Quarterly Review: Q1, 2025

Quarterly Review: Q1, 2025

The latest data show that the world economy got off to a weak start in 2025 even before tariff developments. Trade uncertainty remains despite the US court ruling on the legality of the 10% universal tariff. But the eventual outcome is likely to have little impact on UK GDP, given the UK exports relatively few goods to the US. Given that, the Bank of England look set to continue to cut interest rates slowly.

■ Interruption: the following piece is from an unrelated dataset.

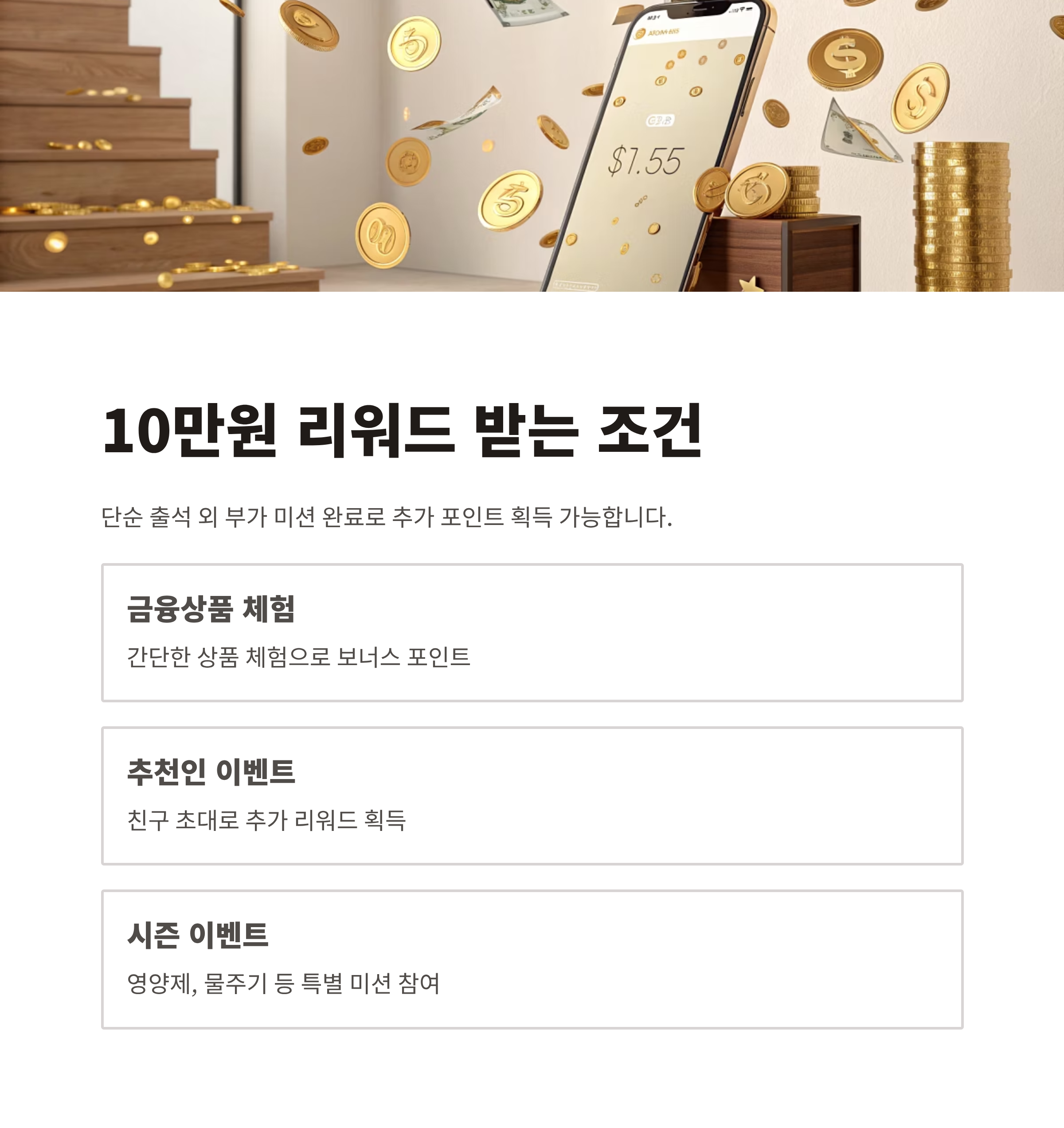 단순한 게임형 인터페이스로 시작하지만, 쌓이는 리워드는 절대 가볍지 않아요.

After a strong end to 2024, Central London office take-up fell back in Q1 in line with the usual seasonal pattern. Availability across the West End, City and Docklands has seen little change over the past year at around 24m sq. ft., down from a peak of 25.8m sq. ft. in the middle of 2023. A large amount of space is due to complete this year but beyond that the pipeline is thinner, and of the total space currently under construction 46% was let or under offer.

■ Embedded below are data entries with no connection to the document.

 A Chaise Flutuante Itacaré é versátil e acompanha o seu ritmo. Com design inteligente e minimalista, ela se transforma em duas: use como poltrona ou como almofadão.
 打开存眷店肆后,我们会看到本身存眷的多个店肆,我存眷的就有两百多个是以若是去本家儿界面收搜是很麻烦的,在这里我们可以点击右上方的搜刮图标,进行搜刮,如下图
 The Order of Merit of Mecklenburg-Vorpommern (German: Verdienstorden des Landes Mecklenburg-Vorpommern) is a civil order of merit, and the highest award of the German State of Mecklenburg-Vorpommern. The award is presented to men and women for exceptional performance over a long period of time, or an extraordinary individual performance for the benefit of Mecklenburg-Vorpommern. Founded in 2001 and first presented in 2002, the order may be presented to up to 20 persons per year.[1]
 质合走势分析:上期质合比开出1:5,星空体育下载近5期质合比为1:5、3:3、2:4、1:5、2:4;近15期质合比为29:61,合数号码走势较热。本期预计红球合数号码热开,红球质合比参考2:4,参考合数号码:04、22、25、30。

Office occupier demand in regional cities held up in Q1, supported by strong take-up in Glasgow, Leeds and Newcastle. But that didn’t prevent a further rise in availability to a nine-year high. That looks to have increased developer caution and beyond 2025 the pipeline is very thin.

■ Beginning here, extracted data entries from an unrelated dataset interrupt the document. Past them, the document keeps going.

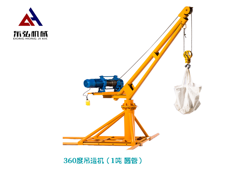 360度是外吊运机,本款为1吨级,圆管型吊机,搭配380V工业电源电机较多,吊运高度为30-100米内,特别适合建筑工地高层吊运砂石灰,同样适用于装潢公司、建筑垃圾、施工手脚架、工地物料等的吊运,也适合工厂生产材料吊运,成品出入库,维修班设备维修等。
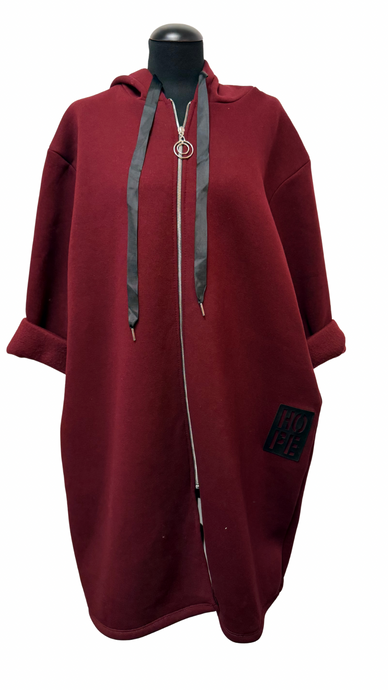 Daljša, topla, kosmatena jopa, UNI velikost do 52, BORDO
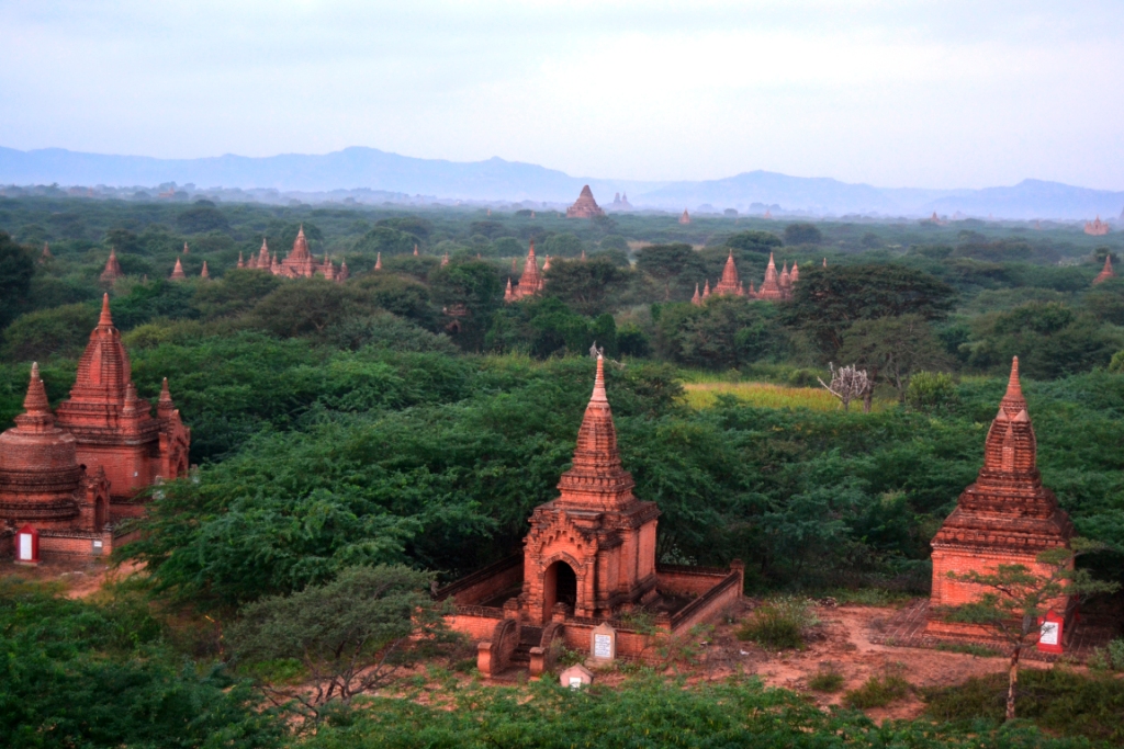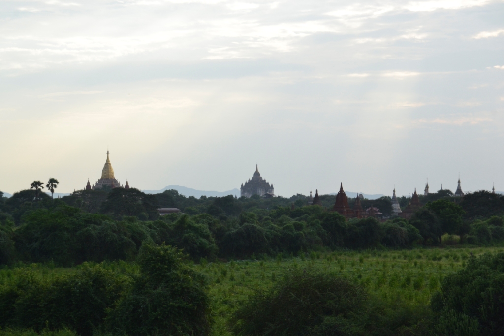 Se llama Tuyin Taung Pagoda, y no vale la pena: está lejos, hay que hacer un trozo a pie cuesta arriba y las vistas son normalitas del todo porque está muy lejos de todas las ruinas. Además, el día parecía que iba a estar nublado y la niebla mañanera no dejaba ver gran cosa, así que nos volvimos al hostal con el rabo entre las patas.
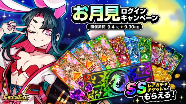 株式会社アソビズム(本社:東京都千代田区、代表取締役:大手智之)は、App Store・Google Playにて好評配信中のリアルタイム合体カードバトル『ドラゴンポーカー』で、2018年9月4日(火)より 「お月見ログインキャンペーン」を開催いたします。5日ログインごとに「女神スキルフェアリー」や「天輝ジェムマローン」など豪華アイテムをプレゼント!ログイン25日目には「SSレアガチャチケット」が必ずもらえます。『ドラゴンポーカー』に毎日ログインして、豪華報酬を受け取りましょう!
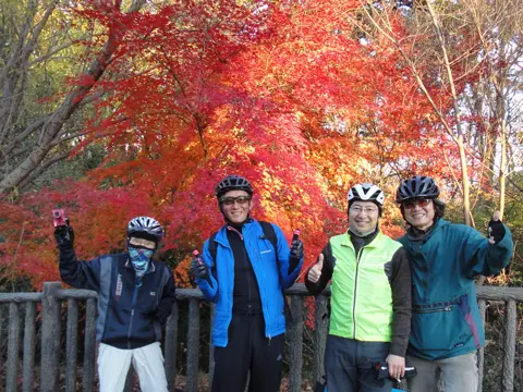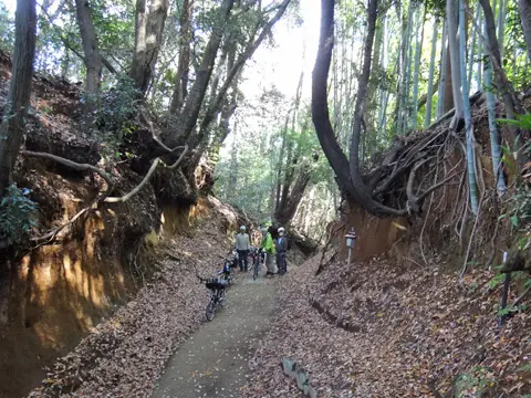 Balade sous les feuillages automnaux des collines de Tama. Elle passe principalement par les délicieux paysages d’autrefois dans les rizières de bas-fonds d’Onoji, puis est suivie d’une descente par l’ancienne route de Daikanzawa. Le trajet emprunte ensuite, en montant, le sentier vert Oneriryokudō (de son surnom la « route des chars d’assaut ») pour aller contempler la couverture végétale automnale, puis, en atteignant la rivière Sakaigawa, prend la direction de Hashimoto. Un trajet très plaisant agrémenté du craquètement des feuilles mortes sous les roues et de l’alternance des petites montées et descentes…

In other sectors, Central London retail vacancy tightened for the tenth consecutive quarter in Q4 2024 and Oxford Street vacancy is now just 1.4%. Logistics take-up recovered in Q1, although that failed to prevent a further rise in availability. Nevertheless, developers are becoming more confident about the demand outlook, with the pipeline expanding from 18.9m sq. ft. in Q2 2024 to 26.3m sq. ft. in Q1 2025.

Investment in Central London offices rose from just over £1bn in Q4 2024 to £1.8bn in Q1, a two-year high. Retail investment across the UK saw a large drop in Q1 to £1.8bn, but within that Central London shops did better. Office investment in the regions was steady at £600m in Q1, an historically low level. Uncertainty caused by the tariffs and still high interest rates suggests investment volumes will struggle to gain traction over the next months.